5. Variational Autoencoders with Keras and MNIST#

Authors: Charles Kenneth Fisher, Raghav Kansal

Adapted from this notebook.

5.1. Learning Goals#

The goals of this notebook is to learn how to code a variational autoencoder in Keras. We will discuss hyperparameters, training, and loss-functions. In addition, we will familiarize ourselves with the Keras sequential GUI as well as how to visualize results and make predictions using a VAE with a small number of latent dimensions.

5.2. Overview#

This notebook teaches the reader how to build a Variational Autoencoder (VAE) with Keras. The code is a minimally modified, stripped-down version of the code from Lous Tiao in his wonderful blog post which the reader is strongly encouraged to also read.

Our VAE will have Gaussian Latent variables and a Gaussian Posterior distribution \(q_\phi({\mathbf z}|{\mathbf x})\) with a diagonal covariance matrix.

Recall, that a VAE consists of four essential elements:

  • A latent variable \({\mathbf z}\) drawn from a distribution \(p({\mathbf z})\) which in our case will be a Gaussian with mean zero and standard deviation \(\epsilon\).

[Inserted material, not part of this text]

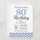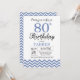80 Aniversário com Blue Chevron.Preto & Branco. Aniversário Adulto. O Dia do Homem ou da Mulher Convidam. Para mais personalização, clique no botão "Personalizar" e use a ferramenta design para modificar este modelo.

  • A decoder \(p(\mathbf{x}|\mathbf{z})\) that maps latent variables \({\mathbf z}\) to visible variables \({\mathbf x}\). In our case, this is just a Multi-Layer Perceptron (MLP) - a neural network with one hidden layer.

  • An encoder \(q_\phi(\mathbf{z}|\mathbf{x})\) that maps examples to the latent space. In our case, this map is just a Gaussian with means and variances that depend on the input: \(q_\phi({\bf z}|{\bf x})= \mathcal{N}({\bf z}, \boldsymbol{\mu}({\bf x}), \mathrm{diag}(\boldsymbol{\sigma}^2({\bf x})))\)

  • A cost function consisting of two terms: the reconstruction error and an additional regularization term that minimizes the KL-divergence between the variational and true encoders. Mathematically, the reconstruction error is just the cross-entropy between the samples and their reconstructions. The KL-divergence term can be calculated analytically for this term and can be written as

\[-D_{KL}(q_\phi({\bf z}|{\bf x})|p({\bf z}))={1 \over 2} \sum_{j=1}^J \left (1+\log{\sigma_j^2({\bf x})}-\mu_j^2({\bf x}) -\sigma_j^2({\bf x})\right). \]


5.3. Importing Data and specifying hyperparameters#

In the next section of code, we import the data and specify hyperparameters. The MNIST data are gray scale ranging in values from 0 to 255 for each pixel. We normalize this range to lie between 0 and 1.

The hyperparameters we need to specify the architecture and train the VAE are:

  • The dimension of the hidden layers for encoders and decoders (intermediate_dim)

  • The dimension of the latent space (latent_dim)

  • The standard deviation of latent variables (epsilon_std)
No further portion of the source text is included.